# Carribean Ports- Refugees Comandeering your boat



## ScrimpAndSail (Jul 10, 2007)

Americans would never be allowed into Cuban waters. But what about Haiti And the Dominican Republic. Are there areas/islands in the carribean that you should avoid for worry of hijack or piracy?


----------



## Chuteman (May 23, 2006)

S&S:
Remembered this incident...........
http://www.noonsite.com/Members/doina/R2007-01-31-1

Haiti is well known for SOME citizens attempting illegal entry into other countries via the sea plus SOME citizens using crime as their means of support. It is the poorest country in the western hemisphere.

When sailing Belize, heard stories of pirates from the south (Honduras if I remember correctly) hitting local fishing boats taking everything & throwing the crews overboard.

Noonsite does a pretty good job of reporting, tracking & digging into incidents. 
http://www.noonsite.com/General/Piracy

There have also been incidents in southern Leewards & Windwards + beyond but hard to predict sometimes


----------



## camaraderie (May 22, 2002)

Also check out the Caribbean safety and security net. http://www.safetyandsecuritynet.com/
Trouble spots come and go. Venezuela & its' offshore islands is tough right now as well. 
Parts of the DR like Samana have a bad reputation. Petty theft can be a problem in Luperon but it is generally safe. Jamaica and Haiti are seldom visited by yachts due to povery and associated crime. St Vincent had some problems on the main island last year but the Grenadines and outlying islands are safe. Parts of Trinidad are not safe, but Chaguramas where boaters go has been safe after some incidents last year. 
Crime in the Caribe is generally petty with only occasional violence and staying in touch on the SSB with the security net and other boaters can help keep you away from the hot spots of the moment.True hijacks and piracy are really rare.


----------



## speciald (Mar 27, 2007)

Cubans and Haitians more frequently come in thru Mexico, easier, cheaper, and safer and no one is sending them back!!


----------



## Rockter (Sep 11, 2006)

Piracy is unknown in Loch Ness. 

Come here to Scotland.

It's cooler, but you can't have everything.

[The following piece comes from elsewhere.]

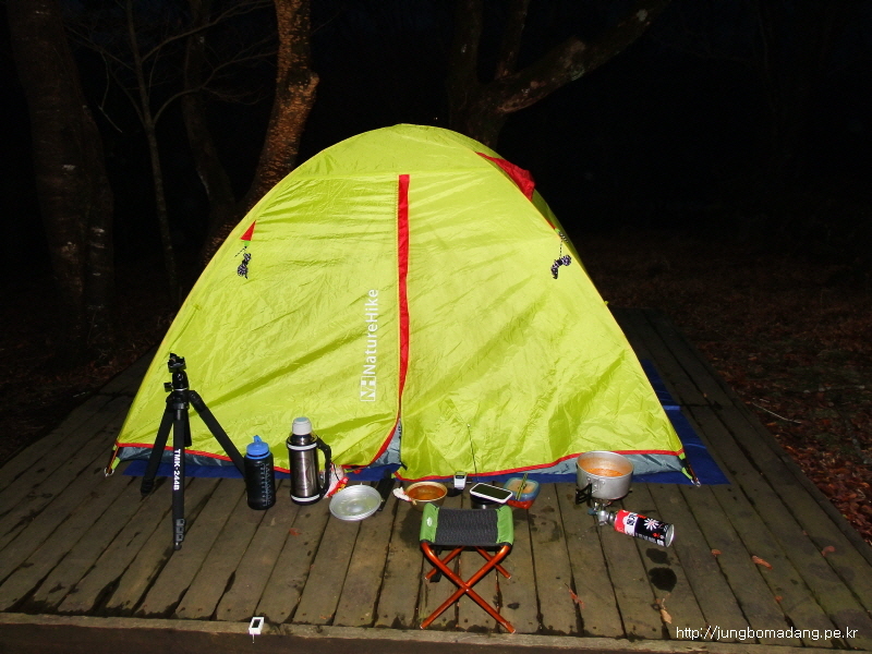 16:30 근데 이상하게 데크에 텐트치지 말라고 붙여놔서 이상하다? 했는 데, 뭐 어쩔수 없이 그 위쪽에 맨땅에 텐트를 치는 곳으로 되어 있어 그냥 텐트를 쳤습니다. 또한, 압축티슈 몇개를 꺼내서 후라이며, 방수포에 전날 묻은 물기를 깨끗하게 닦고 쾌적한 상태를 유지합니다. 오늘은 비소식이 없는 데, 내일 오후부터 비소식이 있는 데, 살짝 걱정이네요!
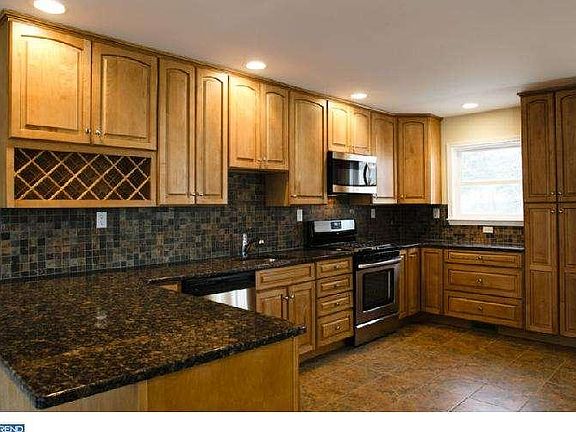 Four bedrooms and 3.5 baths with finished basement and 2 detached car garage. The original home torn down to foundation, and a new 2,340 Square Ft beautifully built-up to 1.5 story cape. Open first floor with a living room, dining room, family room with gas fireplace. Ultra-modern eat-in kitchen with granite counter tops, stainless steel sink, garbage disposal, dishwasher, built-in microwave, tile back splash, tile floor, five burner gas stove, stainless steel refrigerator and wood cabinets. On this floor also are two bedrooms, a modern full bathroom, also a third bedroom that has its own private full bath. On the second you will find a large private master suite with his and her closets, a modern four piece bathroom with a glass shower, Jacuzzi tub. Full finished basement with utility room, laundry hook-up and a two piece powder room. A detached 2 car garage and six car driveway parking, rear deck and a fenced rear yard.A must see!

The sun does not beat the heck out of your teak decks, the beer is good, and Loch Ness in the mist is worth a visit, or two, or three....


----------



## camaraderie (May 22, 2002)

Aye..the pirates in auld Scotland be land based! (g)


----------



## tdw (Oct 2, 2006)

camaraderie said:


> Aye..the pirates in auld Scotland be land based! (g)


The food will kill you faster than any pirate.

Sorry Rockter, I really do love Scotland but the thought of a deep fried mars bar still makes me want to puke.


----------



## TSteele65 (Oct 19, 2006)

tdw said:


> The food will kill you faster than any pirate.
> 
> Sorry Rockter, I really do love Scotland but the thought of a deep fried mars bar still makes me want to puke.


You'd LOVE haggis, then.


----------



## cockeyedbob (Dec 6, 2006)

A bit off thread perhaps, but ya gotta wonder how much time the average American spends in search of sumthin' to worry 'bout ...


----------



## sailhog (Dec 11, 2006)

ScrimpAndSail said:


> Americans would never be allowed into Cuban waters. But what about Haiti And the Dominican Republic. Are there areas/islands in the carribean that you should avoid for worry of hijack or piracy?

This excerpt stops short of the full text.